Something was messing with my usual crisp reception of 88.1 FM KJAZZ, and for a brief, panicked moment, I suspected rogue RFI had infiltrated my house. My trusty Tecsun PL-880, usually a fortress against interference, was coughing up static like an asthmatic saxophonist. I switched to my Tecsun PL-680—same sputtering disaster. After a round of troubleshooting that felt like an exorcism, I moved both radios away from the wall and onto a small table. Just like that, KJAZZ returned in all its smooth, undistorted glory. Lesson learned: walls are the enemy.
This minor fiasco led me to re-evaluate the much-hyped DSP-enhanced reception. I hate to say it, but my so-called cutting-edge DSP radios—Qodosen DX-286, Tecsun PL-880, and Tecsun PL-990—aren’t doing anything special on FM. My old-school PLL receivers, the Tecsun PL-680 and PL-660, hold their own just fine. The fancy digital signal processing? Overrated.

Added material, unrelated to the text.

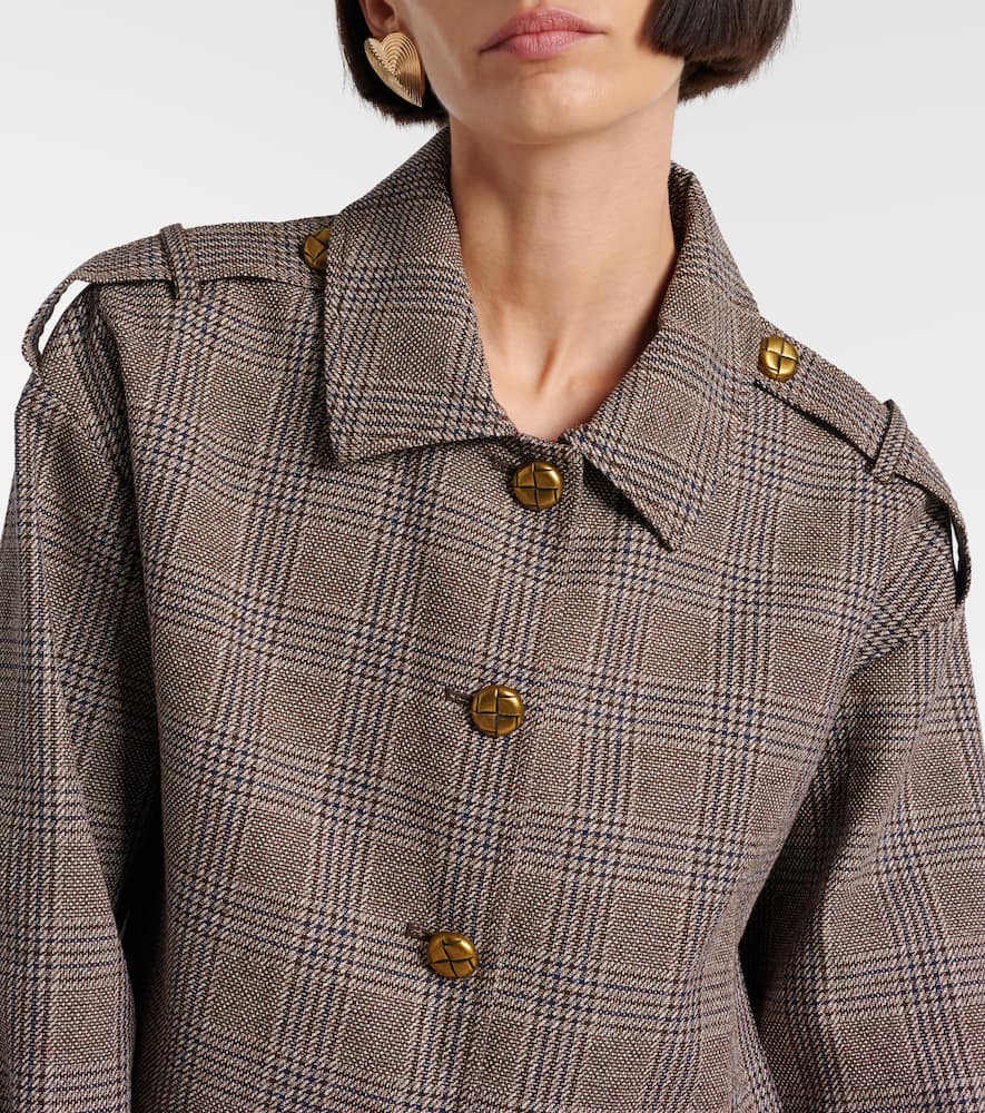 Material: 76% cotton, 24% linen. Care instructions: dry clean. Made in Italy. Designer color name: Brown. Closure: buttoned front. Pockets: slant pockets. Shop the latest Self-Portrait Blazers.

Speaking of things that need fixing, the shrill, ear-piercing speaker sound on the 660 and 680 had been plaguing me for too long—until I discovered that a simple flick of the Treble to Bass setting transformed their audio from "tin can torture" to something much warmer, even pleasant. A revelation, really.
Still, there’s something I can’t quite explain: despite their objectively better speaker quality, the 880 and 990 don’t captivate me the way the 660 and 680 do. Maybe it’s nostalgia, or maybe it’s a longing for a simpler, pre-DSP era—when radios didn’t try so hard to be smart, and all you needed was a decent tuner, a good antenna, and a quiet room.
An electrically quiet room is hard to come by these days.
I got my PL-660 in 2011 and remember going to a nearby park at night, over a hill shielding me from civilization to listen to radio. I still go to parks in the daytime to listen to radio.